Overload decorator in typings module doesn't seem to behave as expected


>>> from typing import overload

>>> @overload
... def hello(s: int):
...     return "Got an integer!"

>>> def hello(s: str):
...     return "Got a string"

Why does the calling hello(1) call the function with the string argument? Ideally, the @overload operator should handle it, right?


Solution

  • Unfortunately, python does not allow function overloading. Each time you think you are overloading function, you are just overwriting previous function declaration. Quote from the docs:

    The @overload decorator allows describing functions and methods that support multiple different combinations of argument types. A series of @overload-decorated definitions must be followed by exactly one non-@overload-decorated definition (for the same function/method). The @overload-decorated definitions are for the benefit of the type checker only, since they will be overwritten by the non-@overload-decorated definition, while the latter is used at runtime but should be ignored by a type checker. At runtime, calling a @overload-decorated function directly will raise NotImplementedError.

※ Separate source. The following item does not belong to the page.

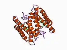 - ↑ Ren Z, Meyer T, McRee DE (November 1993). "Atomic structure of a cytochrome c' with an unusual ligand-controlled dimer dissociation at 1.8 A resolution". Journal of Molecular Biology. 234 (2): 433–45. doi:10.1006/jmbi.1993.1597. PMID 8230224.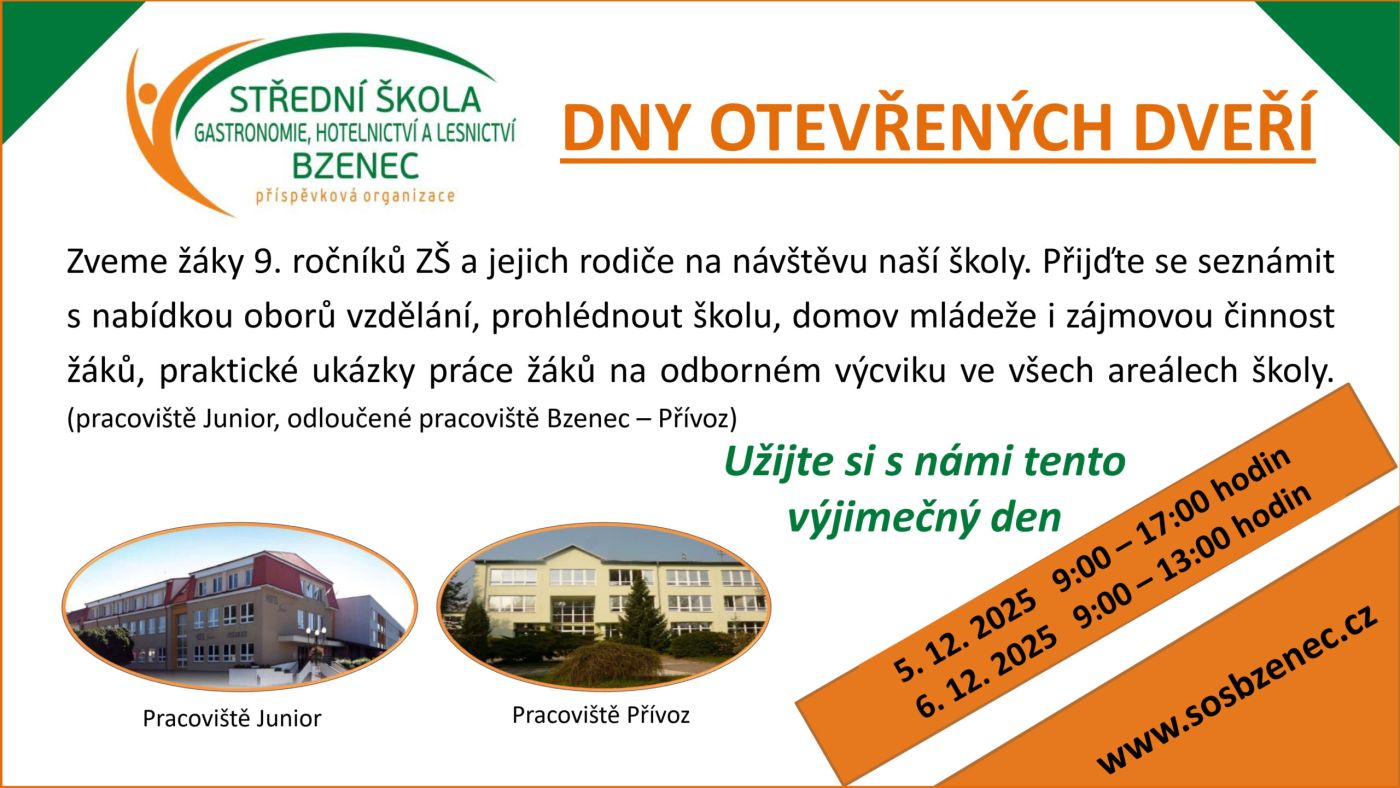 Zveme žáky 9. ročníků ZŠ a jejich rodiče na návštěvu naší školy. Přijďte se seznámit s nabídkou oborů vzdělání, prohlédnout školu, domov mládeže i zájmovou činnost žáků, praktické ukázky práce žáků na odborném výcviku ve všech areálech školy.

    The correct usage of typing.overload is as follows:

    from typing import overload
    
    
    @overload
    def hello(s: int) -> str:
        ...
    
    
    @overload
    def hello(s: str) -> str:
        ...
    
    
    def hello(s):
        if isinstance(s, int):
            return "Got an integer!"
        if isinstance(s, str):
            return "Got a string"
        raise ValueError('You must pass either int or str')
    
    
    if __name__ == '__main__':
        print(hello(1))
    

    To show the actual benefit of typing.overload lets change def hello(s: int) to return int instead of str:

    from typing import overload
    
    
    @overload
    def hello(s: int) -> int:
        ...
    
    
    @overload
    def hello(s: str) -> str:
        ...
    
    
    def hello(s):
        if isinstance(s, int):
            return "Got an integer!"
        if isinstance(s, str):
            return "Got a string"
        raise ValueError('You must pass either int or str')
    
    
    if __name__ == '__main__':
        print(hello(1))
        a = hello(1) + 1
        b = hello(1) + 'a'
    

    Note, that the actual implementation still returns str - python does not perform any checks here. However, PyCharm raises a warning:

    enter image description here

    mypy also complains about invalid types:

    ➜ mypy test.py 
    test.py:25: error: Unsupported operand types for + ("int" and "str")
    

    The purpose of typing module is to allow third party tools to perform static checking of your code. There is no magic here - all types are ignored at runtime.